• **About this task**
In the data below, find the line containing "Rouwkwikstaart (boven) en", then set down that line and every later line up to and including the line containing "Aan het strandje", exactly.

• **Data extracts**

——

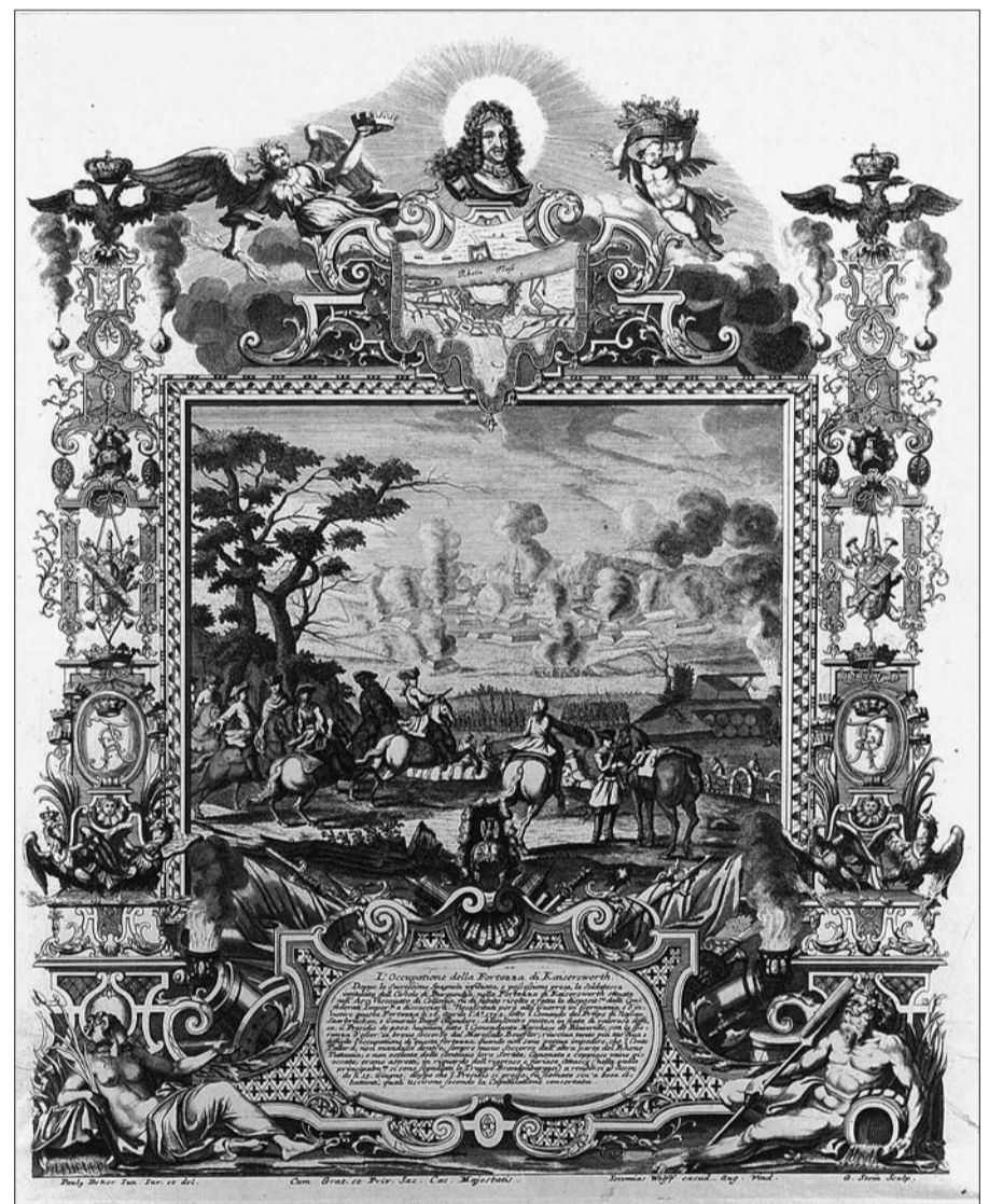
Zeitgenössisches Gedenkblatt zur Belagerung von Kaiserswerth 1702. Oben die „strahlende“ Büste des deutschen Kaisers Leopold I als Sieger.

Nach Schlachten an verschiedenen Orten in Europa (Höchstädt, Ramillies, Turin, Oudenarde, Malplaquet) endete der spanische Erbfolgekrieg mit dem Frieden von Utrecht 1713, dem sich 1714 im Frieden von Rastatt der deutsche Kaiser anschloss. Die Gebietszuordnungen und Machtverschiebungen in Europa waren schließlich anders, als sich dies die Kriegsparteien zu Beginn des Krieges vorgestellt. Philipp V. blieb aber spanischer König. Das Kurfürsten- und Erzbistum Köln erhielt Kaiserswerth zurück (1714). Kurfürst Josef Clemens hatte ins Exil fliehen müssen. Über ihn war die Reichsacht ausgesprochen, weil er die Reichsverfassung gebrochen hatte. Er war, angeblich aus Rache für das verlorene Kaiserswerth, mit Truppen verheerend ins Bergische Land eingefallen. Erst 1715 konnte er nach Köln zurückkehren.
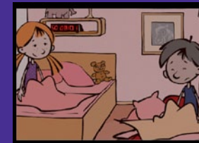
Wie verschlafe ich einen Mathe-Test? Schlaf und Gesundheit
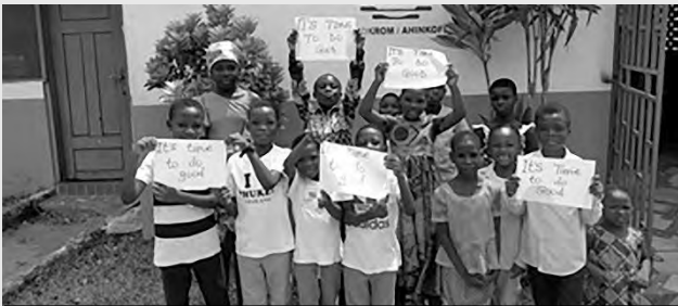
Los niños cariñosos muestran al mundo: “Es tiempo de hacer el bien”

——

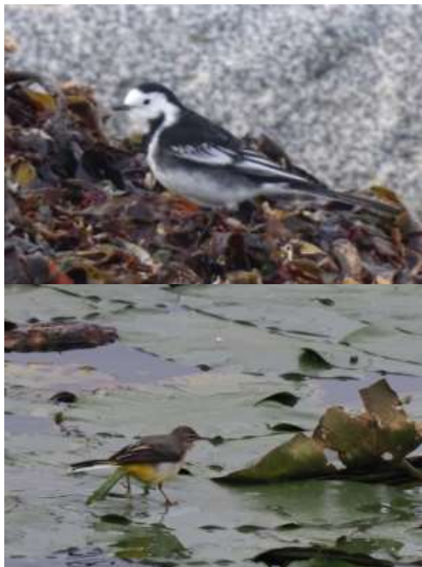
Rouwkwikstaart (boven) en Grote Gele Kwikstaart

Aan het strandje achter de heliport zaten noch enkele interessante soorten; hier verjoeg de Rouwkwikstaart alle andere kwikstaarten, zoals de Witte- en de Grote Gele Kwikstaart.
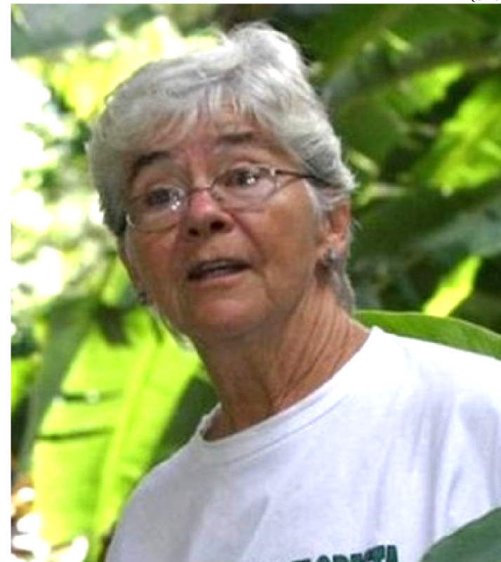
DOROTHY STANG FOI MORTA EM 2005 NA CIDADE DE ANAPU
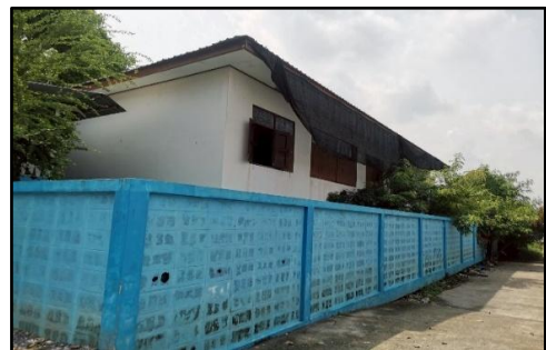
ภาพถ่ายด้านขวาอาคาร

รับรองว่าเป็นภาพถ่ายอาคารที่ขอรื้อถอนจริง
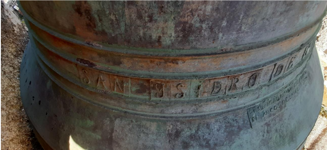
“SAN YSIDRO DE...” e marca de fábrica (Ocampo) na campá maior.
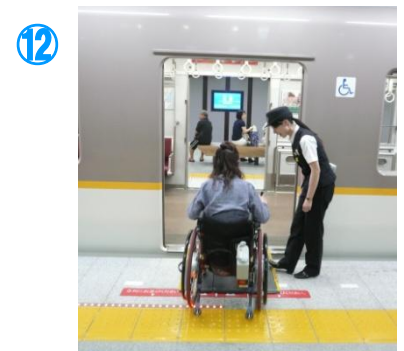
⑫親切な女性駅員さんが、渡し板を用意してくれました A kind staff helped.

——

• **Problem solution**
Rouwkwikstaart (boven) en Grote Gele Kwikstaart

Aan het strandje achter de heliport zaten noch enkele interessante soorten; hier verjoeg de Rouwkwikstaart alle andere kwikstaarten, zoals de Witte- en de Grote Gele Kwikstaart.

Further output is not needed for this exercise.